Donald Trump has more social-media followers than the number of votes normally needed to be elected president of the United States.


It’s a statistic that Peter Canellos, Managing Editor of Politico, says helps to explain why the media coverage of the 2016 presidential election, and the election itself, is different from any other in history.

“These changes are themselves a major factor in the 2016 presidential campaign,” Canellos told more than 250 business leaders at the AIM Executive Forum this morning.

“We can’t establish the political dialog, as we did in the past, but we cannot ignore it.”

Recalling his work covering the 2002 presidential race when he was often the only reporter present when Bill Clinton and other candidates spoke, Canellos said that every word a candidate says today is recorded on a dozen iPhones, often held by representatives of the opposing campaigns, and posted online before any formal media outlet can post the story.

“Even if a news organization tries to exercise restraint, or tries to make decision about the news, the conversation is already galloping ahead without them,” said Canellos, who spent 26 years at the The Boston Globe before moving to Politico.

He acknowledged that many people were uncomfortable with the degree of control that “media mandarins” from The New York Times and other establishment publications once exerted over the narrative of presidential campaigns. The new reality of social media, he said, has recast the role of reporters to one of monitoring the veracity of campaign statements, tracking the connection between money and politics and looking at some of the issues “that candidates seek to avoid.”

Canellos believes the two major political parties will survive an election with two relatively unpopular nominees, but that each will change significantly.

“If you look at the history of the country the two parties’ positions have shifted dramatically. Who would have thought that the Democrats would be the party of Wall Street now? And the migration of working- class blue-collar voters to the Republican party seems to have accelerated strongly with the Trump nomination.”

The Democrats, according to Canellos, will have to sort out whether their future lies with the insurgent wing represented by Senators Bernie Sanders and Elizabeth Warren, or the establishment block led by Hillary Clinton.

“On the Republican side there will be quite an identity crisis. Even if Trump is elected, there will be questions within the Republican party about who they should be and what they should be,” he said.

Canellos said that early predictions that Democrats would regain control of the U.S. Senate appear to have been premature. Control of the Senate is now “a 50-50 proposition” as senators such as John McCain who trailed badly in the polls during the summer appear to be making up ground.

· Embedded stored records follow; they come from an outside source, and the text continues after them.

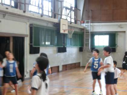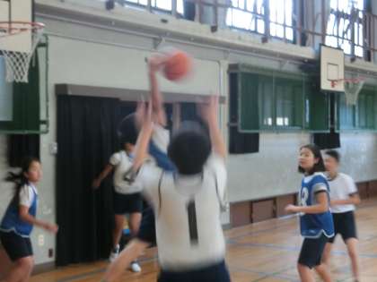 6年体育科「バスケットボール」楽しくやっています。
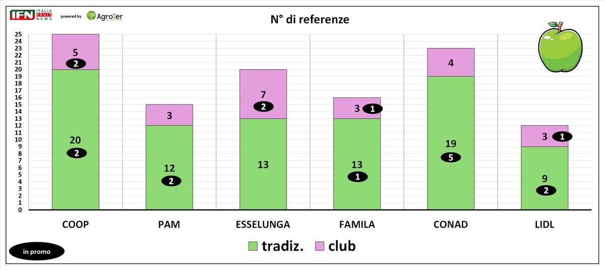 Esselunga è l’insegna che punta maggiormente sulle mele club, con 7 articoli a scaffale; Coop e Conad ne offrono rispettivamente 5 e 4, mentre le altre insegne si attestano su 3.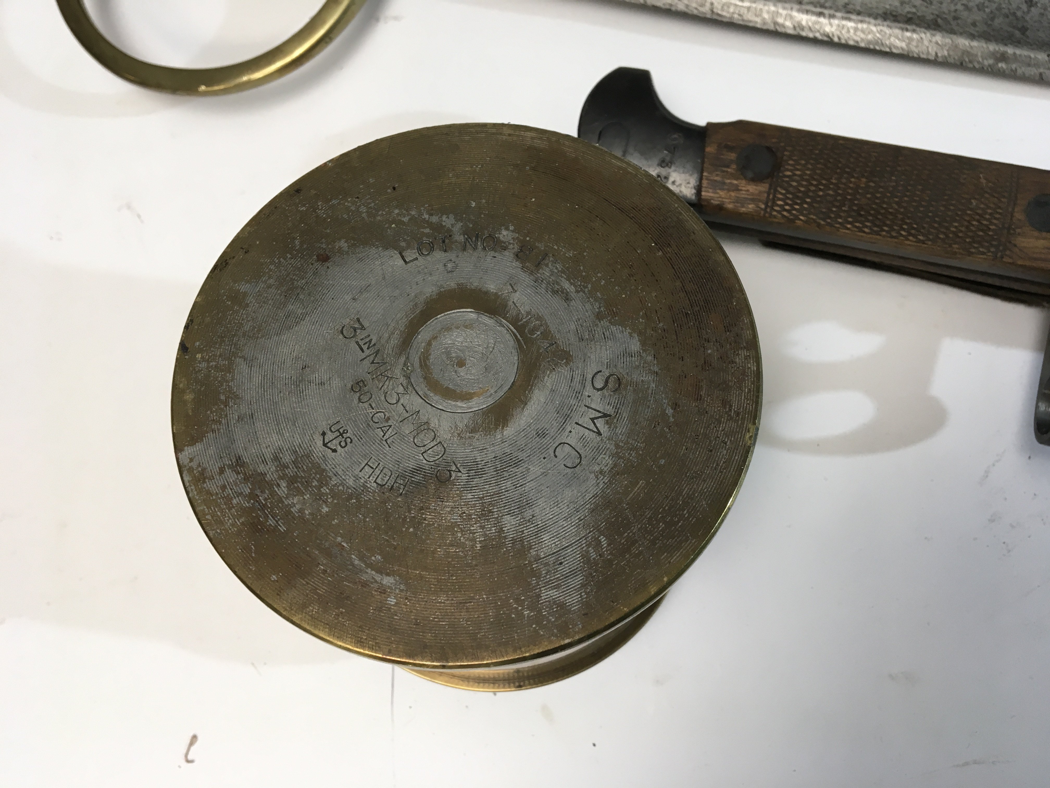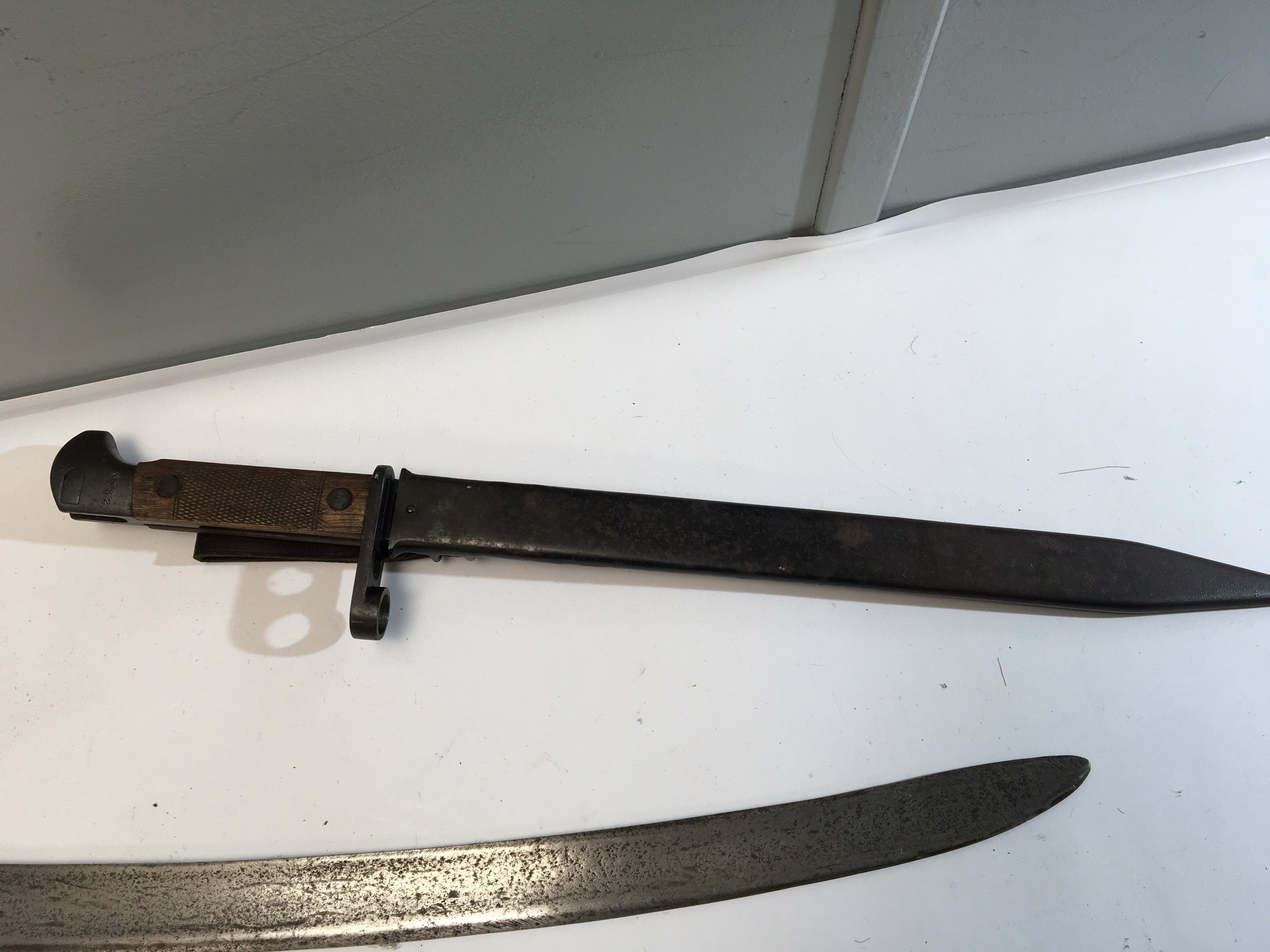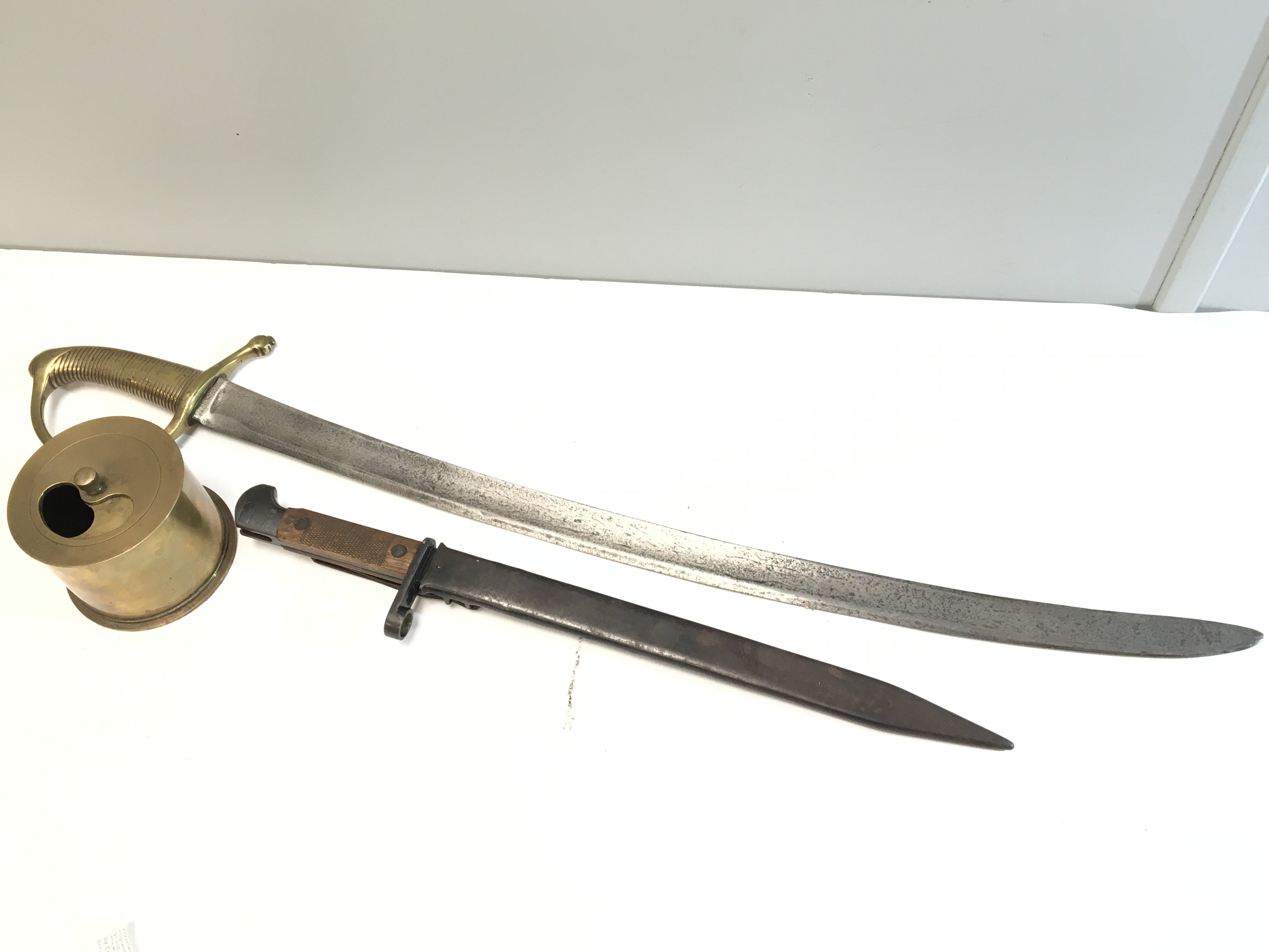 A 19th century short sword with brass hilt a bayonet possible Russian II world war and a trench art shell case container 1942. (3)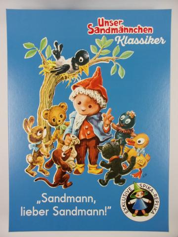 Das Sandmännchen ist seit 60 Jahren täglich in einer Gutenachtgeschichte zu sehen. In diesem Spiel begleitet man den Sandmann auf seinem  Abendspaziergang. Wer eine „6“ würfelt, kann beginnen. Kommt ein Spieler auf eine rote Zahl im weißen Kreis, dann liest er erst den dazugehörigen Vers vor. Danach setzt er seine Spielfigur vor oder zurück, je nachdem es die Spielregel vorschreibt. Wenn alle Mitspieler die 75 erreicht haben, singen die Kinder gemeinsam das Sandmannlied.  Replik, erschienen 1973 bei VEB Spika, DDR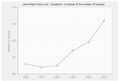 The number of housing of Oussières was 112 in 2007, 99 in 1999, 94 in 1990, 85 in 1982, 84 in 1975 and 86 in 1968.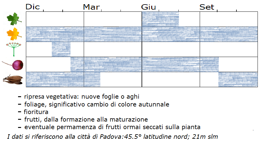 Fenologia minima: risveglio vegetativo, fioritura, fruttificazione. L’albero cambia colore più volte l’anno: verde chiaro coi nuovi aghi in estate, ruggine nei mesi invernali tranne alla fioritura quando i coni maschili lo ingialliscono.Areale di origine (native range), Giappone.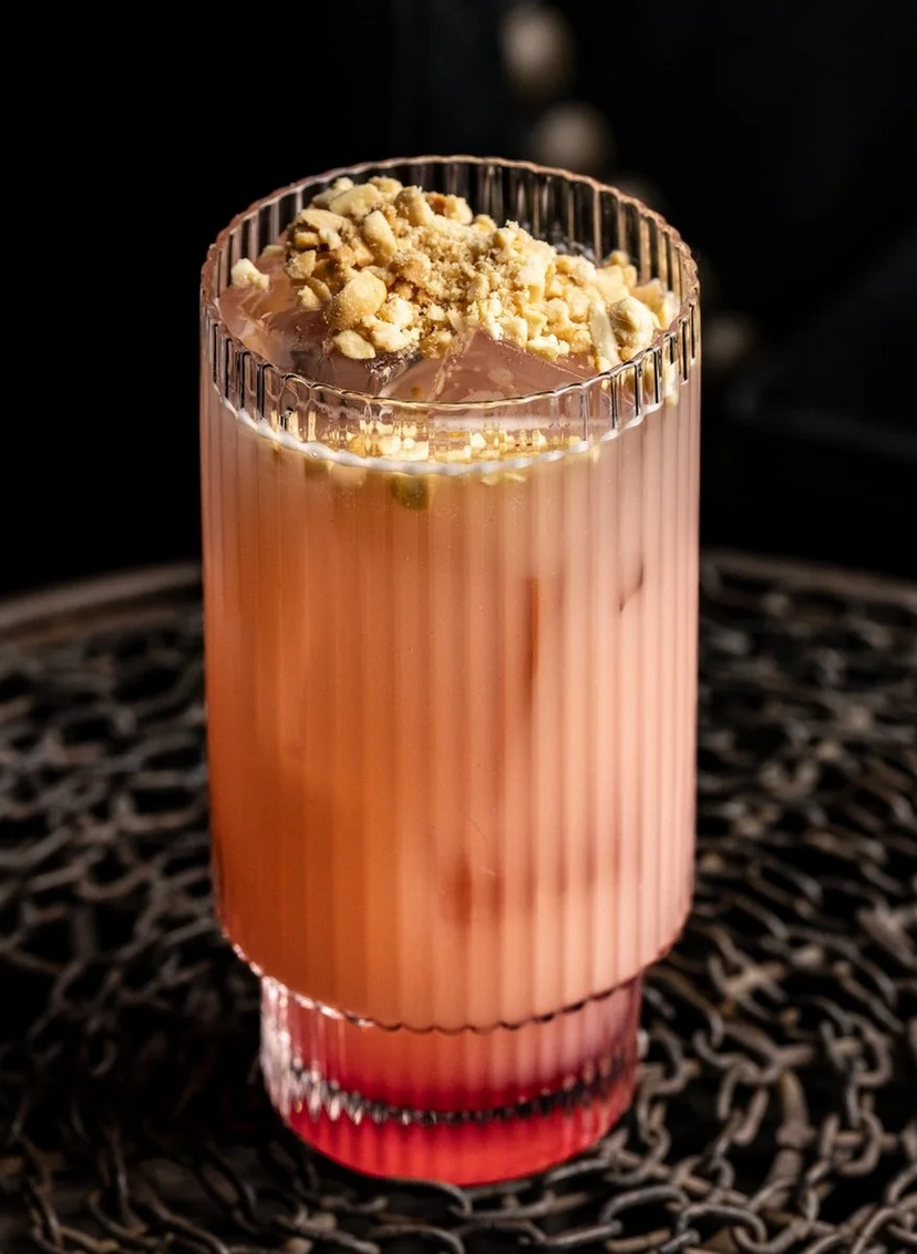 Juyoung gives an example of one of her creations, the Sahara, inspired by neighbors from when she lived in Los Angeles. Her neighbor Gloria and Gloria’s husband’s ran a taco shop. There, they sold a non-alcoholic beverage that fused a drink from his Mexican culture, agua de jamaica (a hibiscus-infused iced tea), with one from his wife’s Salvadoran culture, horchata (a sweet beverage made from rice milk and cinnamon). The result was a drink he called pink milk, a blend of rice milk and cinnamon topped with diced cantaloupe, a drizzle of hibiscus tea, and crushed peanuts.
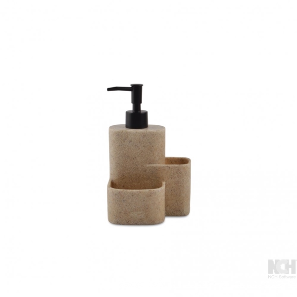 Dispenser Para Detergente Simil Piedra Beige Con Porta Esponja Y Porta Cepillo 12X9,5X18,7Cm De Resina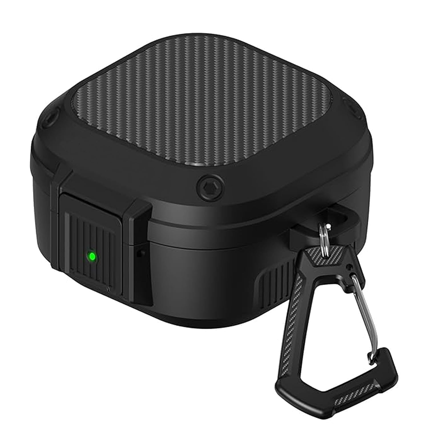 Sounce Tough Case Compatible with Samsung Galaxy Buds Live/Buds Pro/Buds 2 Pro Case with Carabiner, Rugged Protective Cover, Scratch Resistant, Drop Protection, Shock Armor Series – Carbon Fiber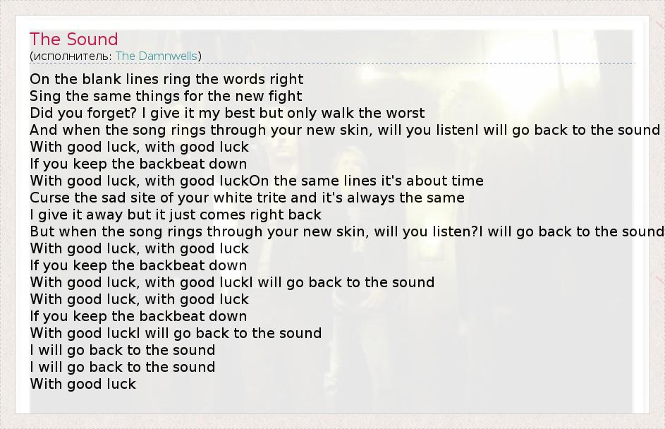 On the blank lines ring the words right Sing the same things for the new fight Did you forget? I give it my best but only walk the worst And when the song rings through your new skin, will you listenI will go back to the sound With good luck, with good luck If you keep the backbeat down With good luck, with good luckOn the same lines it's about time Curse the sad site of your white trite and it's always the same I give it away but it just comes right back But when the song rings through your new skin, will you listen?I will go back to the sound With good luck, with good luck If you keep the backbeat down With good luck, with good luckI will go back to the sound With good luck, with good luck If you keep the backbeat down With good luckI will go back to the sound I will go back to the sound I will go back to the sound With good luck
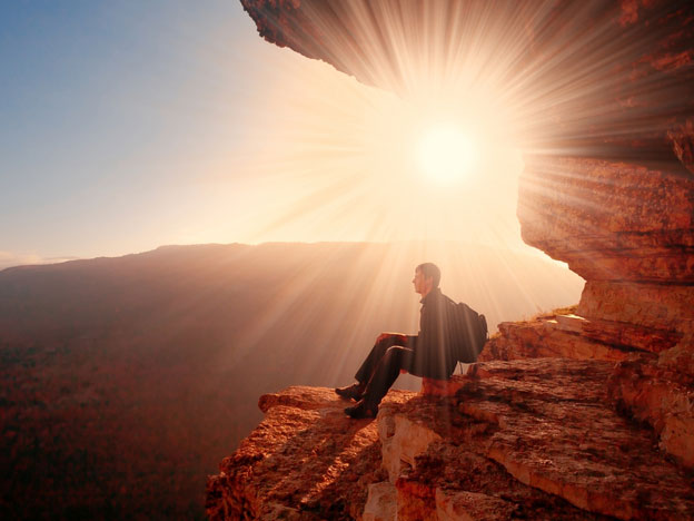 man-red-rock-cliff-sunrays-600x450opt-1089800718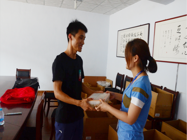 “吳青凱,生日快樂”,正在車間整理貨物的服裝公司業(yè)務員吳青凱聽到有人叫自己,一回身,只見營銷體系團支部書記姜琳紅把一份工作餐遞到手里??粗矍暗捏@喜,吳青凱開心的說:“原來今天是我的生日啊,謝謝公司對我們單身員工的關愛”。
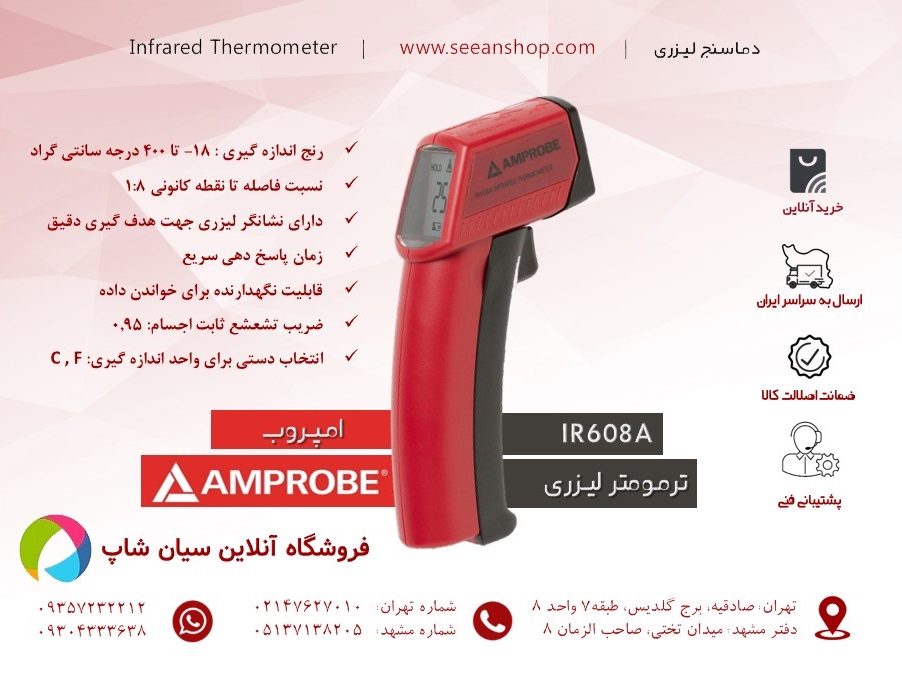 | مشخصات فنی و قیمت خرید دماسنج لیزری ارزان مادون قرمز Amprobe IR608A |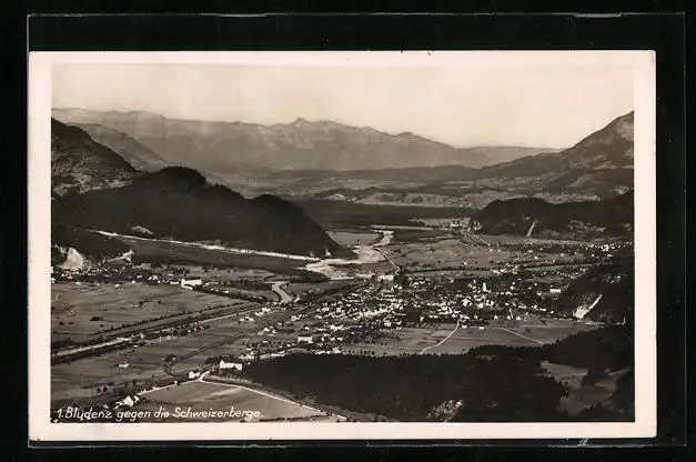 AK Bludenz, Ortsansicht gegen die Schweizerberge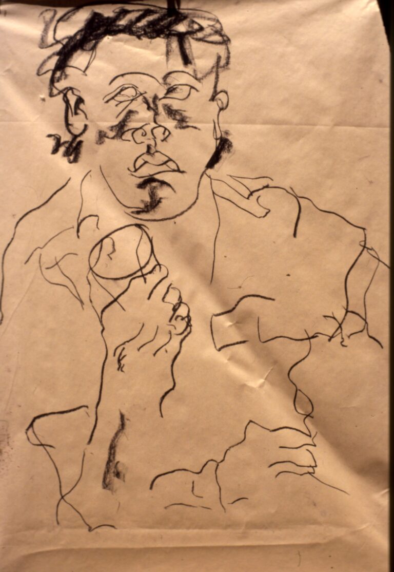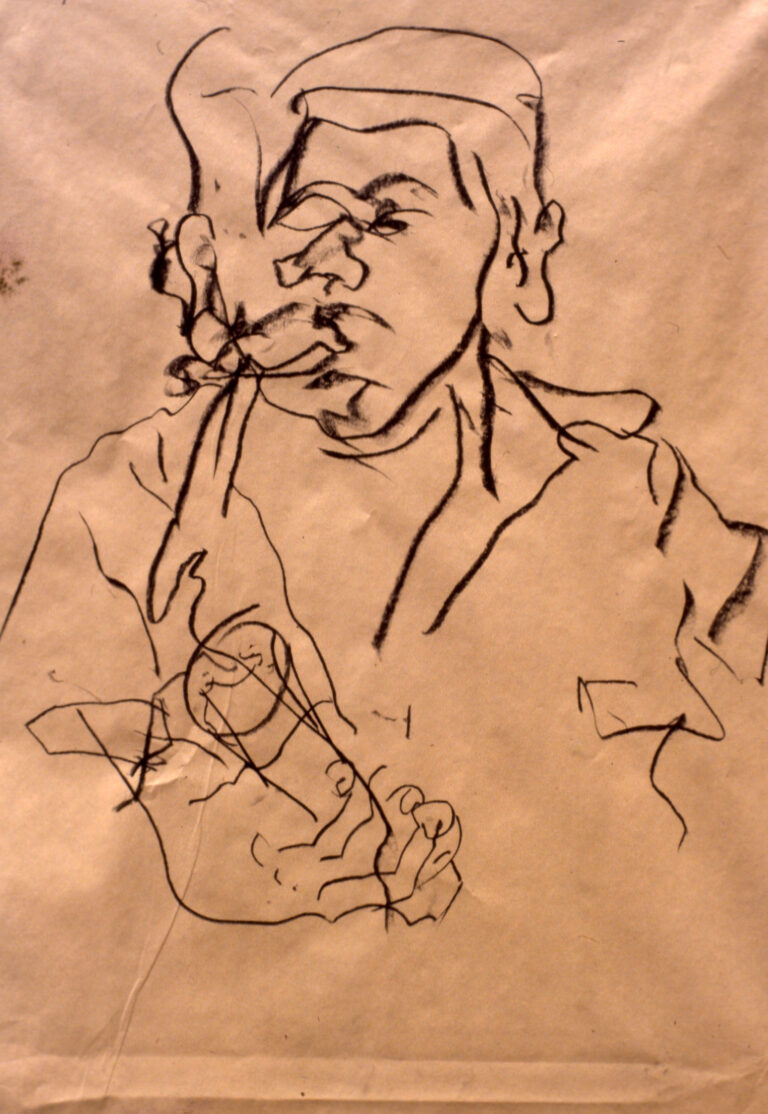 Beer and Cigarettes. A triptych of charcoal drawings on brown paper. Mount Martha, Victoria 1987.

He believes the long-term legacy of the 2016 presidential election will be a sustained debate over the plight of middle-class workers, especially in traditional manufacturing areas now struggling to find new ways to grow.

“Trump has played   a role in putting that constituency front and center...Even some of the Democratic proposals like free college tuition and retraining through community colleges are responding to that constituency."